On Mar 3, 9:57 pm, "dave" nospam wrote:
I get a lot of dust in my house. I noticed the front panel on my furnace is
not even close to air tight. I can see through gaps and holes directly into
where the blower is (which is directly over the air filter). So the blower
is sucking in some air from the return line and through the air filter, but
a lot is coming through the gaps in the panel. Should I somehow seal this
panel better and force all air to come from my air return vent which is
located in the center hallway of the house? I don't understand this design
of a furnace which takes no care in keeping dirty air from the garage out.

Thanks,
DaveL


If you have gas or oil, you are "sucking" air into the furnace
room to support combustion and carry the fumes up the chimney.
When running, a combustion furnace attempts to pull a vacuum on the
whole house.

The fact that your furnace panel doesn't seal well doesn't affect that
whole house vacuum. It merely allows the furnace to draw air from the
furnace room and distribute it through the registers.

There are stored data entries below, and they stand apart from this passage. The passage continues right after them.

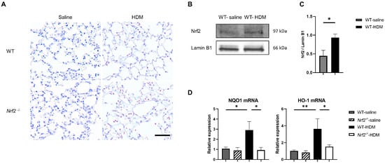 The absence of antioxidant stress response induction in Nrf2−/− mice upon exposure to HDM resulted in increased oxidative stress in the lung tissue. (A) Representative immunostaining of 8-hydroxy-deoxyguanosine (8-OHdG) in lung tissue from wild-type and Nrf2−/− mice exposed to saline or HDM (scale bar: 50 µm). (B) Representative Western blot of Nrf2 expression in lung nuclear extracts from wild-type mice exposed to saline or HDM. (C) Semi-quantitative analysis of Western blots. Values were normalized to lamin B1 and are presented as the mean ± SEM (n = 4). The data are representative of two independent experiments. * p < 0.05, determined through Student’s t-test. (D) Levels of mRNA transcripts encoding NAD(P)H:quinone-oxidoreductase-1 (NQO1) and heme oxygenase-1 (HO-1) in the lungs of each group of mice. The relative levels of gene expression were determined using the ΔΔCt method with the glyceraldehyde 3-phosphate dehydrogenase (GAPDH) gene as a reference. The data are presented as the mean ± SEM (n = 6–8) and are representative of two independent experiments. * p < 0.05 and ** p < 0.01, determined through one-way ANOVA, followed by the Tukey–Kramer test.
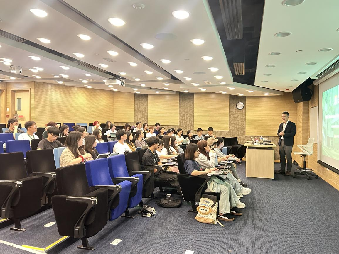 在本次访学行程中,同学们参加了五场全英专题讲座,涵盖了金融与会计领域的多个重要主题。第一场讲座由香港大学中国商业学院客席讲师、香港上市公司企划发展及投资部副总监关启正博士主讲,主题为“环球经济与金融市场分析”。关博士回顾了全球经济状况,展望了未来的发展方向,并分析了全球金融市场体系、金融发展与资本市场运作情况。
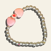 Made using premium metallic-look beads and two glossy pink acrylic hearts that make a bold statement in soft shades.
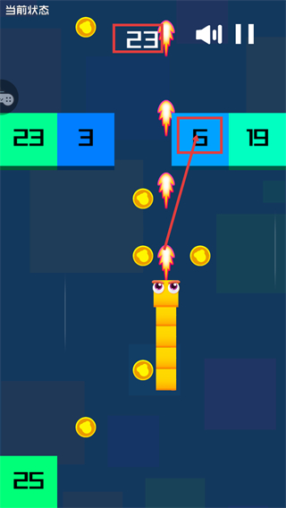 3、遇到带有火箭图标的增益道具时,操控角色触碰它,可获得火箭相关的增益效果,助力后续的数值累积与金币收集。
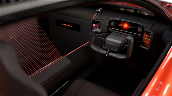 此外,该概念轿跑为四座布局,采用操控杆式方向“盘”,配备紧凑型信息娱乐屏幕。中央脊线分隔前后排,无B柱设计便于后排乘客进出。
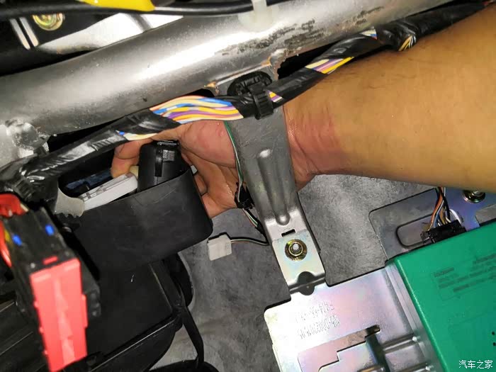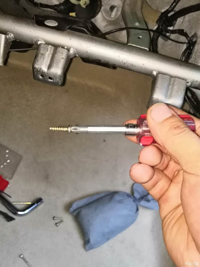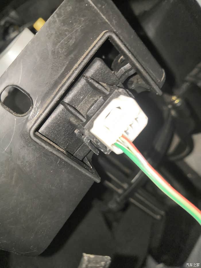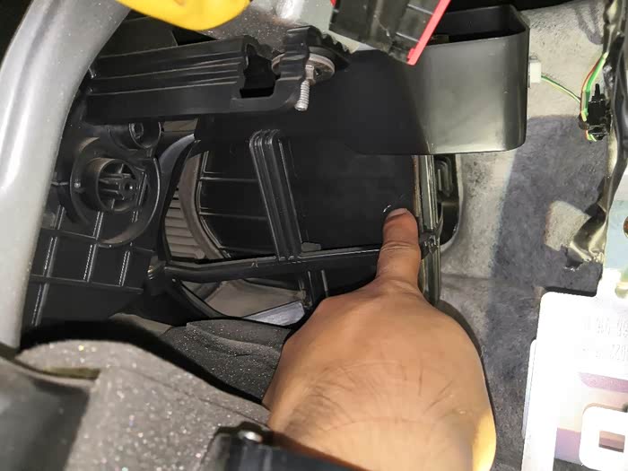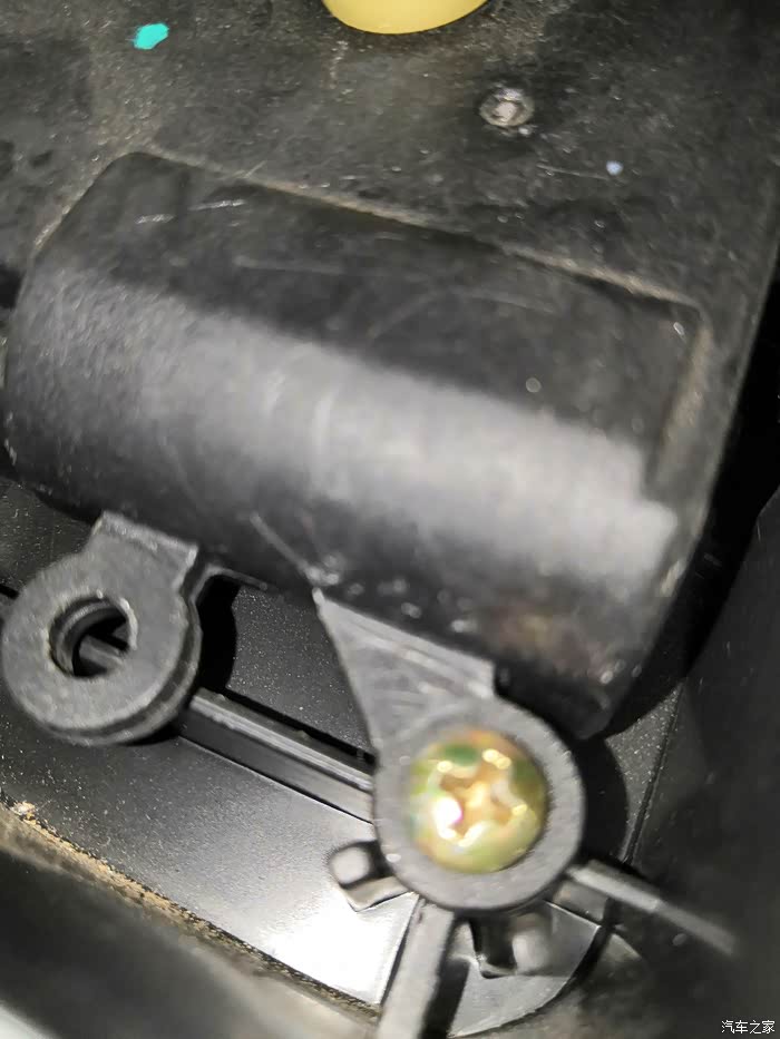 内外循环电机,是有五个脚。下面的两个螺丝,只有两边可以用。上面只有左上方的一个可以用,三个螺丝固定,熟悉之后,就要摸索着盲操作,拆卸螺丝。

Building codes demand that garages be constructed to prevent garage
air from entering the house (when any connecting door is closed of
course). If you somehow know that "dirty garage air" is entering
your house, then you have a problem with the doors and walls, not
the furnace.

In any case, around here, outside air is "dirtier" than garage air.

You can seal the gaps in the panel if you wish. That will improve
the ability of your system to heat the upstairs rooms.